Hi all! New on this forum Bye, I'm a heavy equipment mechanic for Coca-Cola and have a Gravely Convertable 10 with a wiring issue. The wire harness is repairable but need to know the correct ignition switch and a detailed color wire diagram to correct the disabled charging system and correct the ignition system as well. This has a Kohler engine with a breakless ignition system. If any one can help I would appreciate it, AL.


----------



## IDOXLR8 (Dec 30, 2012)

Does anyone have a picture of the back of a original ignition switch for a Gravely 1970 convertable 10? I need to see the pin location showing G-R-S-B-I. This unit has breakless ignition, thanks, AL.


----------



## IDOXLR8 (Dec 30, 2012)

I have a (1970) Gravely Convertable 10 with a Kohler K-241 engine, breakless ignition, 10 amp charging system and need to correctly install the wire harness. The ignition pig tail has been replaced and not correctly. If I had a picture or diagiam showing the ignition switch and the location of the I,R,B,S,G (the G terminal is grounded to the switch housing). The 4 wires going to the switch wire colors are red, white, orange, black w/s. Thanks, AL.


----------



## IDOXLR8 (Dec 30, 2012)

IDOXLR8 said:


> I have a (1970) Gravely Convertable 10 with a Kohler K-241 engine, breakless ignition, 10 amp charging system and need to correctly install the wire harness. The ignition pig tail has been replaced and not correctly. If I had a picture or diagiam showing the ignition switch and the location of the I,R,B,S,G (the G terminal is grounded to the switch housing). The 4 wires going to the switch wire colors are red, white, orange, black w/s. Thanks, AL.

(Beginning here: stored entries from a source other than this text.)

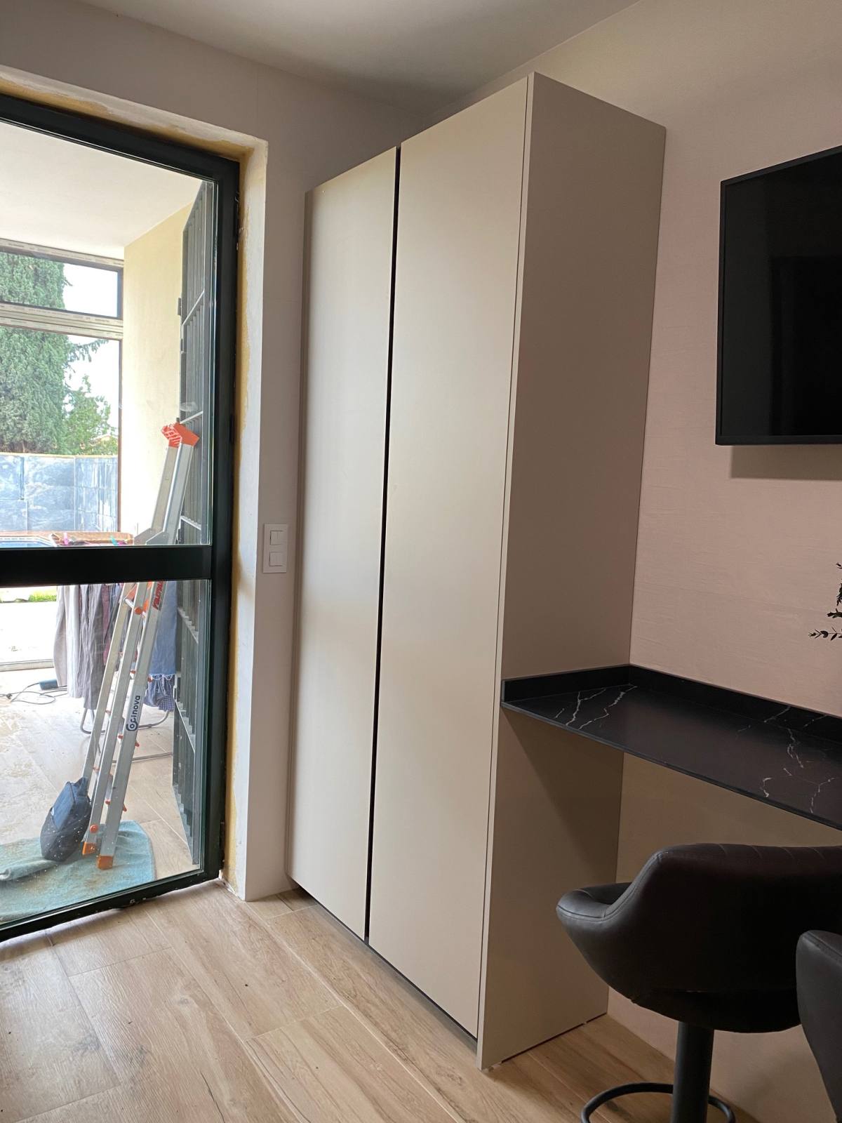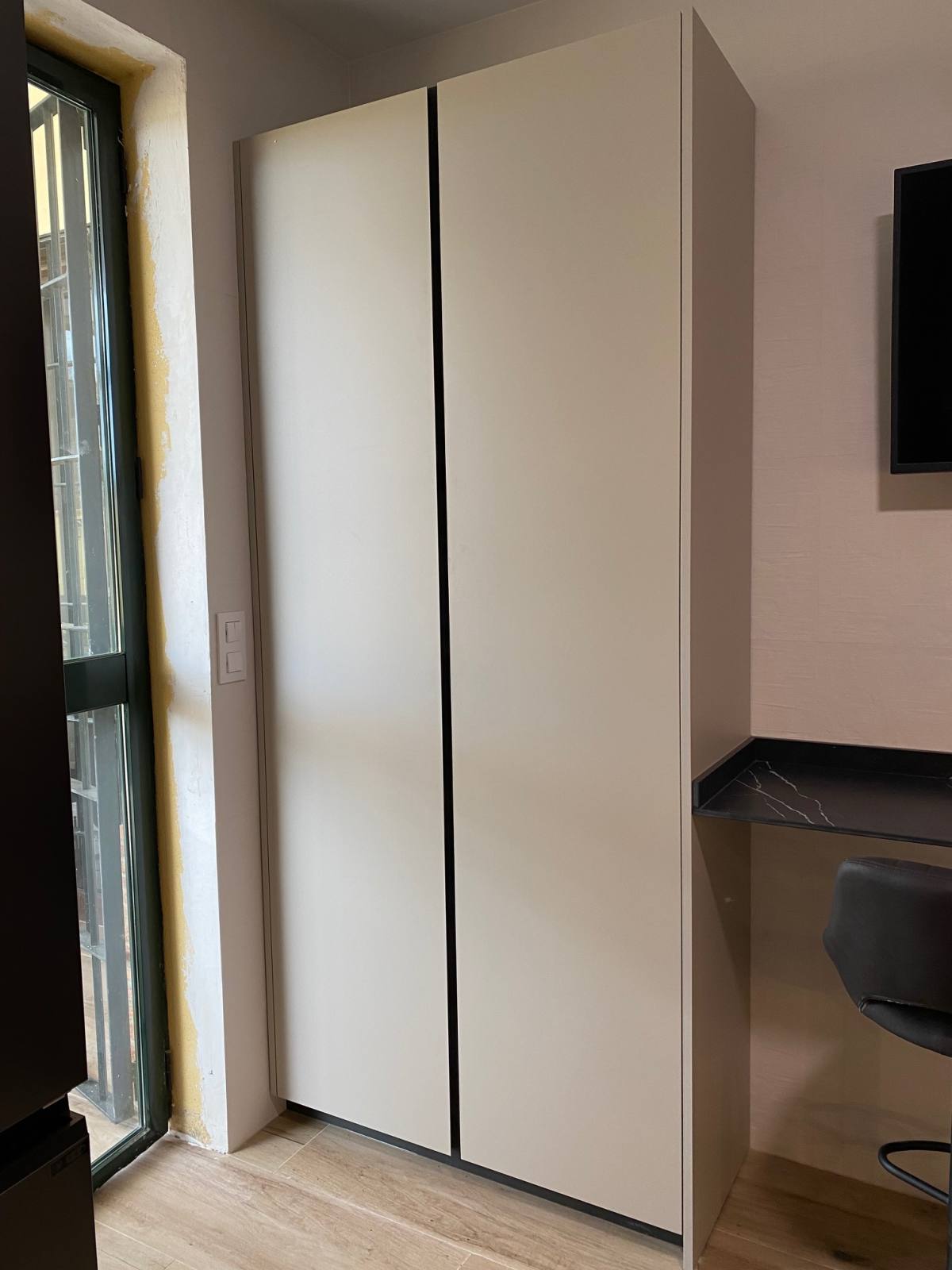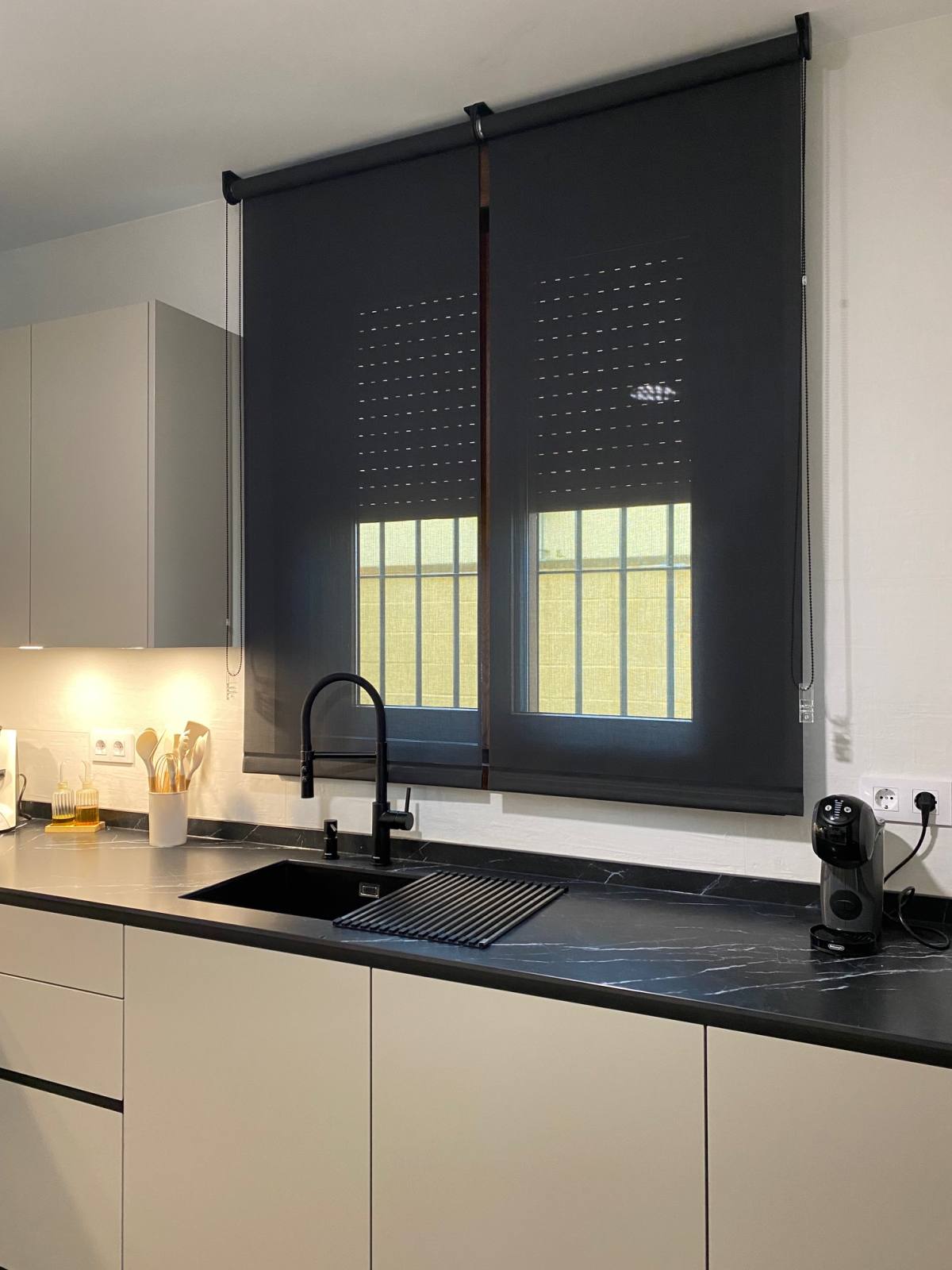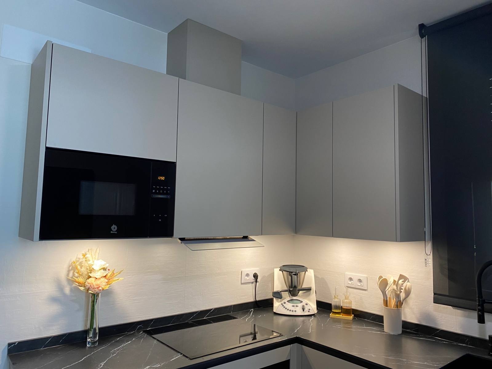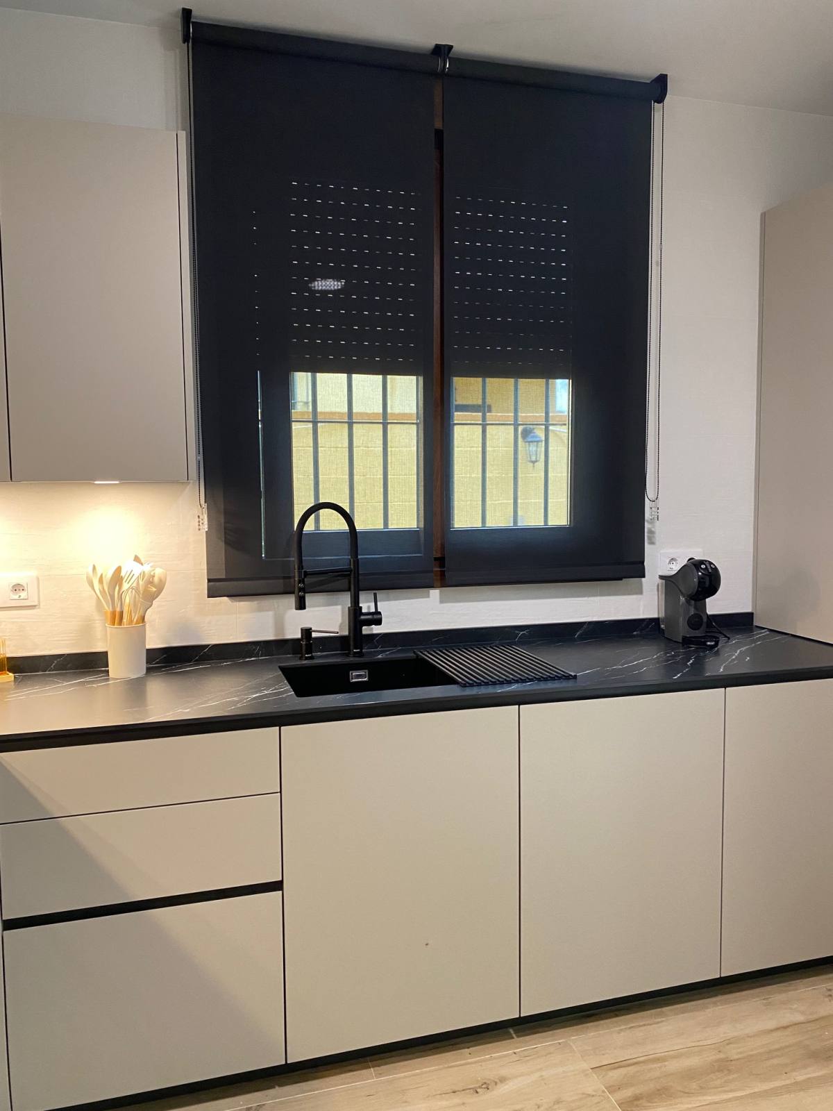 Una de las características más destacadas de esta cocina es su impresionante color Nude, que añade una sensación de calidez y modernidad al espacio. Pero no nos detuvimos ahí; para complementar este tono, instalamos una encimera veteada en Nero Marquina, que añade un toque de sofisticación y contraste perfecto. Además, para mantener una armonía visual, optamos por detalles en negro, como las golas, zócalos y electrodomésticos de la serie cristal.
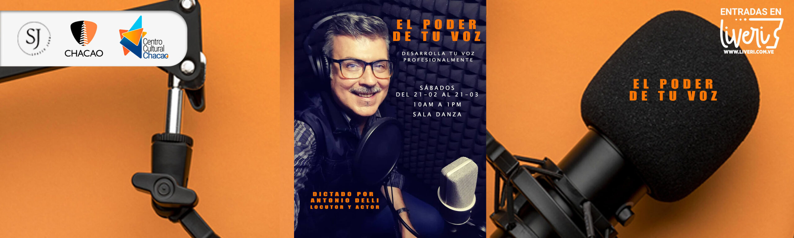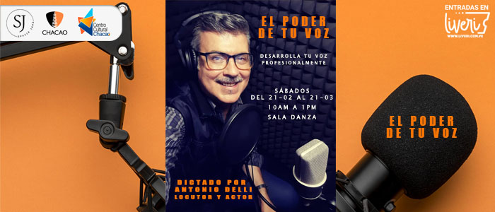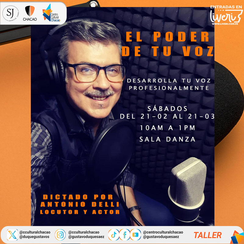El objetivo de este taller es lograr desarrollar tus habilidades comunicacionales mediante técnicas y ejercicios que te permitan conocer e implementar el poder de tu voz. Esta dirigido a aquellas personas interesadas en potenciar su voz para sus actividades profesionales. Este maravilloso taller será dictado por Antonio Delli. Actor, locutor y comunicador social, con 38 años de carrera y experiencia artística en Teatro, Cine, TV, Radio, Doblaje, y Locuciones. Ha sido locutor oficial de promociones para los canales Discovery Kids, Sun Channel, Vale TV, HBO Plus y desde hace 20 años, es locutor oficial de promociones, primero para el canal The History Channel, y actualmente del canal H2, para toda Latinoamérica. En Radio ha trabajado para las emisoras 88.1 FM, Caraota Digital, y actualmente tiene su sección semanal, Acento Delli, a través de Onda la Superestación.
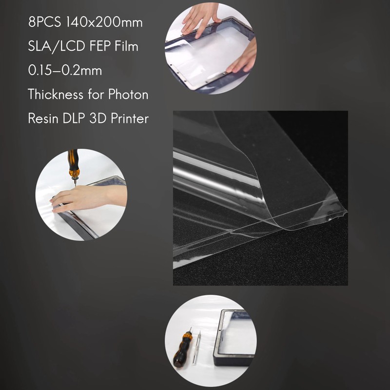 Filme 140X200Mm Sla/Lcd Fep, 8 Peças, 0.15-0.2Mm De Espessura Para Impressora 3D Photon Resina Dlp
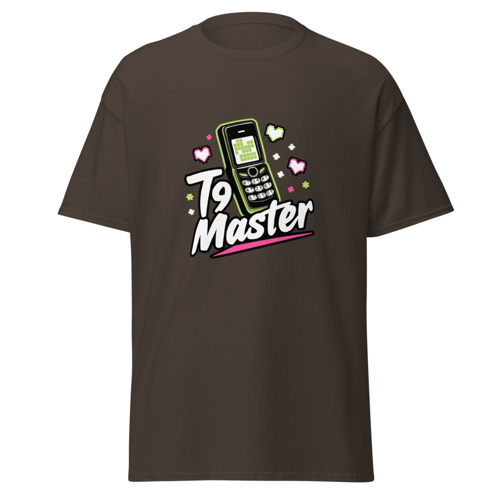 This shirt features a nostalgic design with an old flip phone, surrounded by text message icons, pixel hearts, and stars. Perfect for those who love retro vibes and a bit of tech history.

I figured this would had been a easy one? AL.


----------



## Richard-tx (Jan 30, 2011)

Do you have the owners manual with the wiring diagram?

Look at gravelymanuals.com if you don't 

the nomenclature of the switch letters are:
I = ignition
R=Regulator
B= Battery
S=Starter Solenoid
G=Ground


----------



## DougM (Sep 19, 2010)

Dear Sir,

I have attached an illustrated parts list for a Convertible 10. A wiring diagram is on page 9. I hope this helps you with your problem. If you need any additional manuals, go the the Gravely Tractor Club web site. They have manuals listed under the Resource tab.


----------